There is a need to make some real design decisions - LDP is not a spec 
for a generic server you can implement.  It might be IF the WG decides 
on how clients can create containers and containers-in-containers - it 
is just as likely that the container structure will be fixed by "the 
application", so configuration of the server-side will be a major part 
of any project.  But it's a very big IF.

The access control is important.

How much of this does Clerezza show?  The WG would be interested to hear 
about it.

	Andy

Re: (Back to the) Future of Clerezza and Stanbol

Posted by Reto Bachmann-Gmür <re...@apache.org>.

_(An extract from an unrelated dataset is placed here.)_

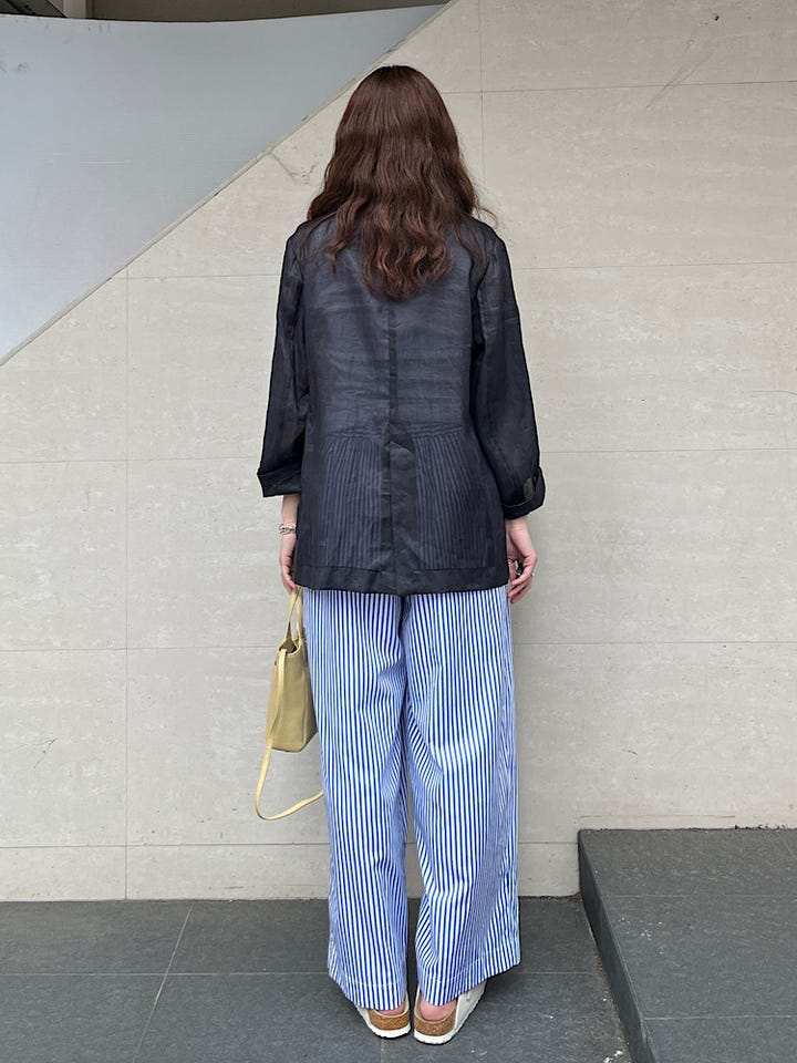 着心地:サラッとしていて軽く、これからの暑い季節にも日差し・冷房避けとして重宝するかと思います。シャツのような透け感があるので、あえて柄物のインナーを合わせても◎

On Wed, Nov 14, 2012 at 6:35 PM, Rupert Westenthaler <
rupert.westenthaler@gmail.com> wrote:

> Hi
>
> I am more with Fabian. The fact is that Clerezza has not much
> activity. I am a Clerezza Committer myself and the reason why I am
> rather inactive is because I have enough things to do for Stanbol.
> This will also not much change in the future. Moving the Clerezza
> modules to Stanbol does not solve this problem. It does only move it
> from Clerezza over to Stanbol.
>

I'm also involved in the fusepool.eu project which will need a platform
providing more than the current stanbol HTTP endpoits but real REST
endpoints for humans and machines. Also security and a plugable and
optional UI are needed. If Stanbol want to go in this direction then it
would be good to integrate the parts of Clerezza providing this.

>From adding security to Stanbol I've seen that things gets messing with the
too so similar projects.

>
>  - Linked Data Platform: Reto I guess you have missed this
> presentation [1] at ApacheCon. IMO a Linked Data Platform is something
> that deserves an own project and as soon as there is such a Platform
> available we should use it in Stanbol. This would allow us to remove a
> lot of code in Stanbol (especially in the Entityhub) - a good thing as
> it allows to focus more on core features of Stanbol.
>

I don't think this can really be compared. Clerezza is already quite close
to comfroming with the Linked Data Platform Specification. It has a
lightweigh arcitecture very similar to Stanbol based on OSGi. By contrast
Salzburg Research Marmotta/Linda proposal is a Java Enterprise application
that ceratinly could use some stanbol services but which has a quite
different architecture. The W3C LDP isn't describing a heavy weight
architecture but a set of recommendation on how to use the REST principles
in the context of linked data. If stanbol wants to provide the promised
RESTfull services it should strive for compliance with LDP specifications.

Cheers,
Reto

Re: (Back to the) Future of Clerezza and Stanbol

Posted by Reto Bachmann-Gmür <re...@wymiwyg.com>.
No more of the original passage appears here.